I’ve been nagged for some time by the observation that the best marketing being done since Bates has not been done by the marketers, but by the firms themselves. The firms that began to grow following Bates were those that instinctively realized that the future lay in developing new and innovative services to meet the needs of their clientele. They broke the traditional mode of the self-centered professional firm to become client oriented. They did it, and we marketers merely promoted it. But the essence of the success was not in what the marketers did – we were merely the messengers. The success sprung from what the firms themselves did.
The most successful firms are the ones that recognize this, and rely on the marketers to simply organize and convey the information. These firms are the ones that understand that their professional practice is shaped not by an abstract concept of professionalism, but by an understanding of the needs of their clients, and by shaping the practice to meet those needs.
While it’s true that the quality of the product is important to product marketing, promotion still dominates. The evidence is strong that good marketers can sell almost any product that isn’t downright bad. They can create needs and desires where none existed before. The marketers dominate. But lawyers and accountants can’t create need or desire where they don’t exist. They can only change the nature of their services and their firms to meet the needs of their clients. And we marketers merely convey the message.
Peter Drucker has said that the purpose of a company is to create a client. I believe that marketing is making a firm viable to serve the needs of its market, and then projecting the fact of that viability. With a product, it can be done with promotion. Promotion sells the product. Promotion, in product marketing can create that need. Promotion, in professional services marketing, can’t create need.

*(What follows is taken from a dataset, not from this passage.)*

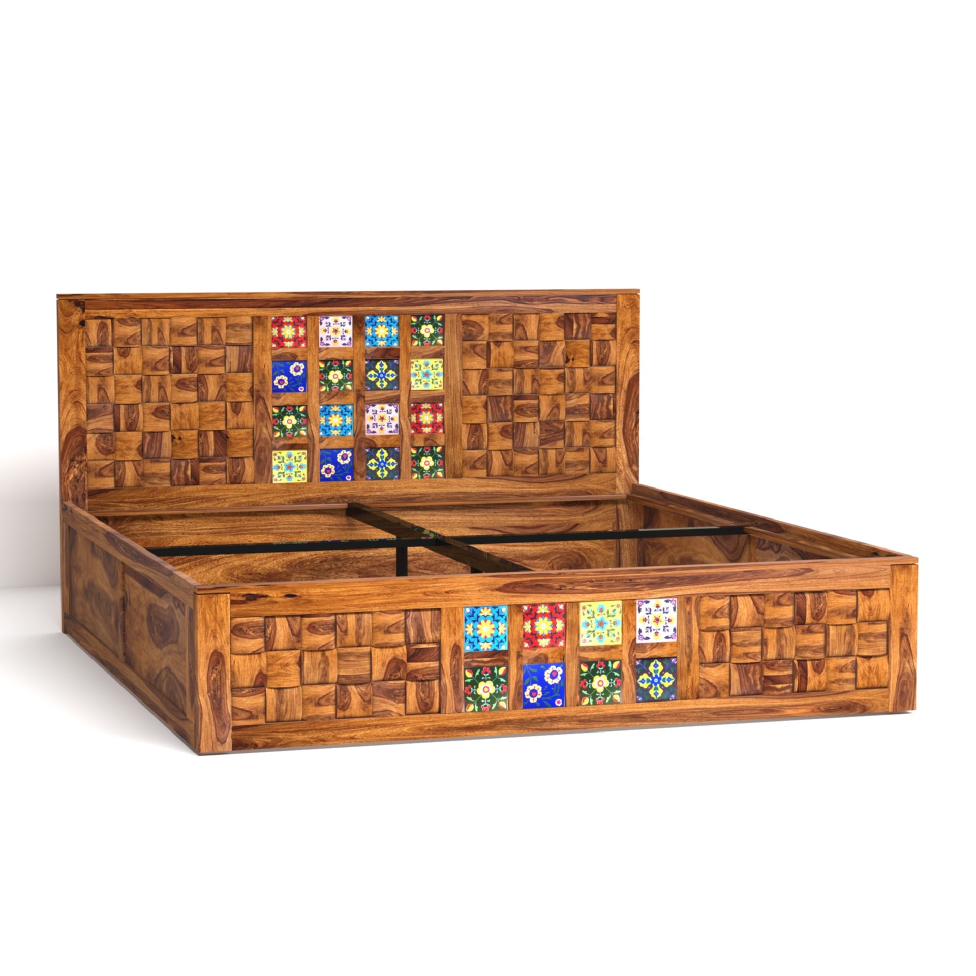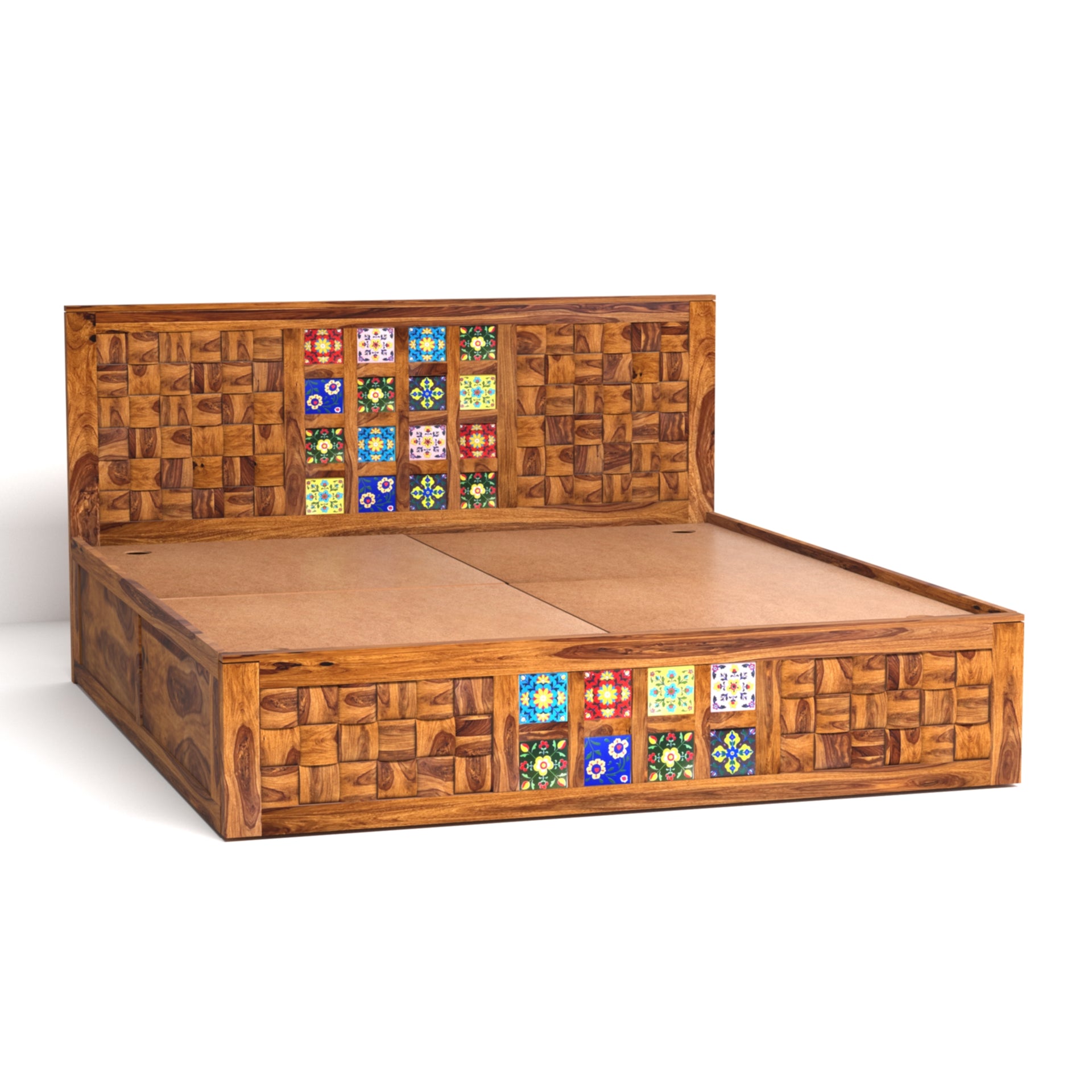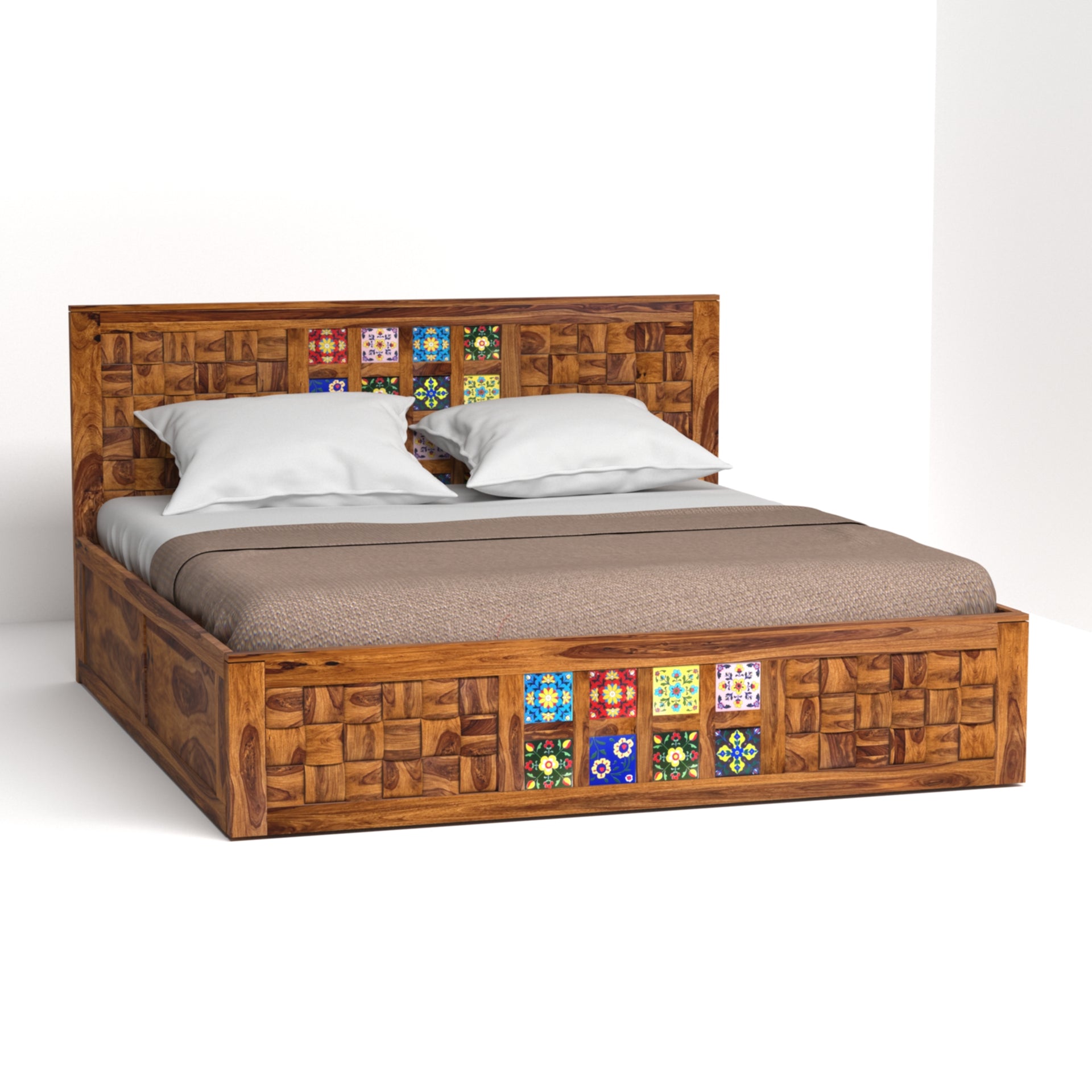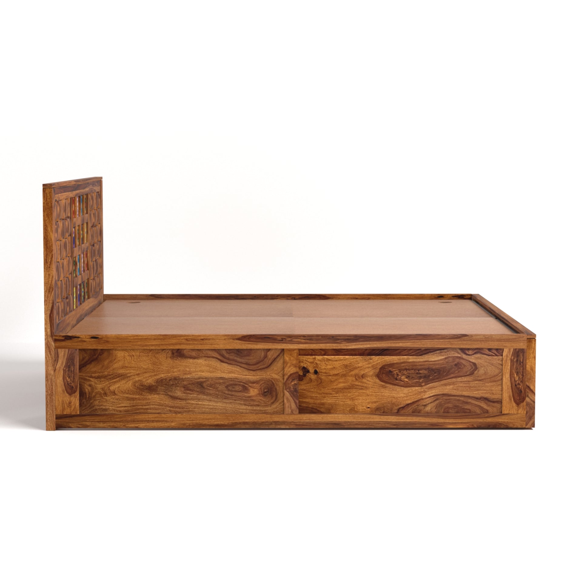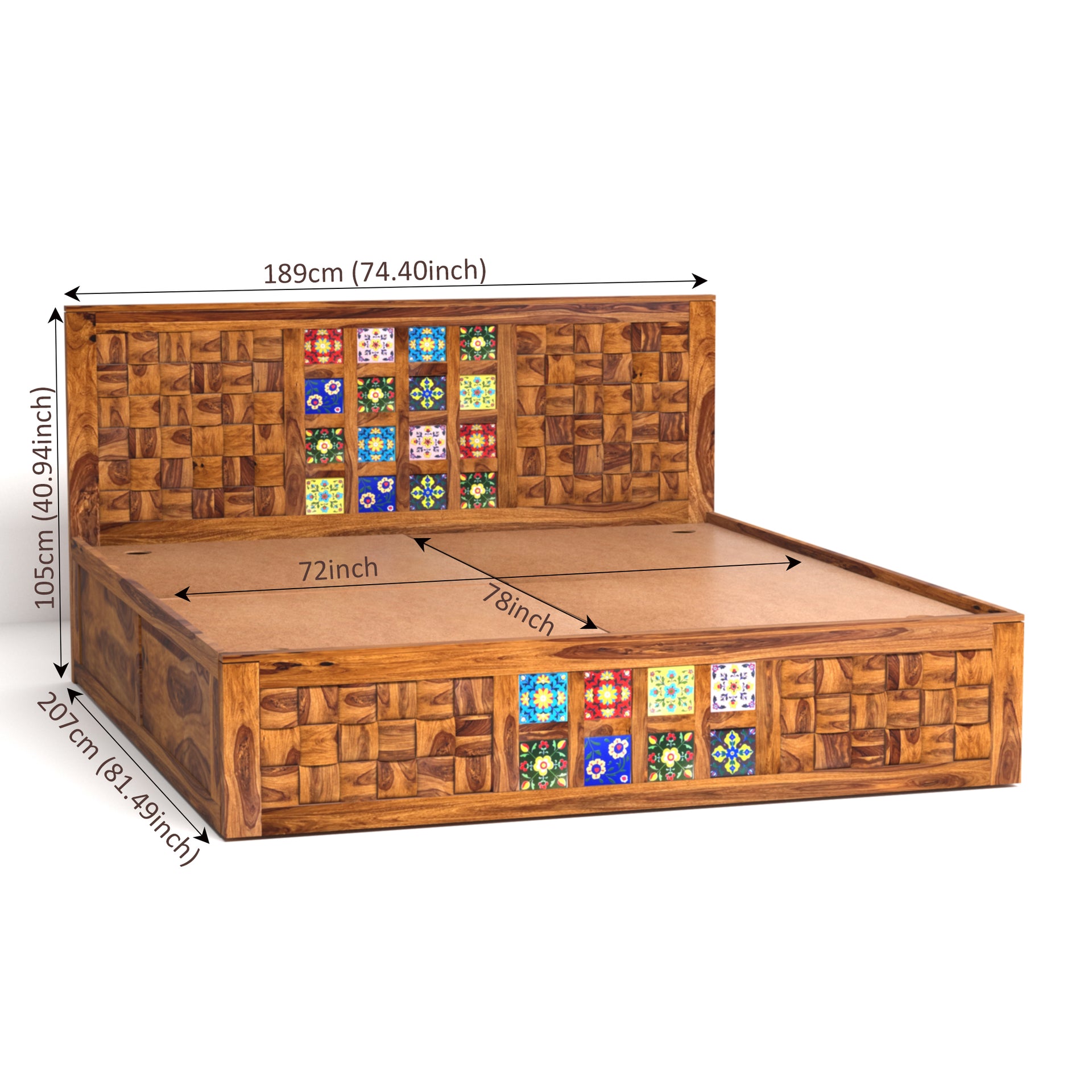 Maximize both style and functionality with the Amber Sheesham Wood King Size Bed with Box Storage. Crafted from kiln-dried and chemically treated solid sheesham wood, this bed guarantees exceptional durability and a timeless aesthetic. The stylish design seamlessly integrates into any bedroom, while the king-size dimensions, accommodating a 72x78 inch mattress, provide luxurious comfort. What sets this bed apart is its ample box storage, offering a convenient solution for keeping your bedroom organized and clutter-free. Easily store bedding, pillows, or other essentials within the spacious compartments beneath the mattress. Enjoy the perfect blend of beauty, strength, and practicality with the Amber Sheesham Wood King Size Bed with Box Storage.

With a professional service, it can be done only by focusing professional practice on the needs of a clientele. Promotion, in professional firm marketing, is simply a knowledge management tool, used to distinguish one firm from its competitors, to impart the firm’s skills, and to enhance reputation. The tools and vehicles of marketing are merely commodities, albeit some marketers are better and more artful at using them than others. The more valuable role of marketers, then, should be to help firms structure themselves to better serve the needs of the markets. We should focus on building firm marketing cultures, and not on simply applying the tools we all now know how to use so well.
My point is that we know a great deal now about how to convey the message. The challenge for the future is how to shape the practice competitively. That challenge is as much for the firms themselves as it is for the professional marketer.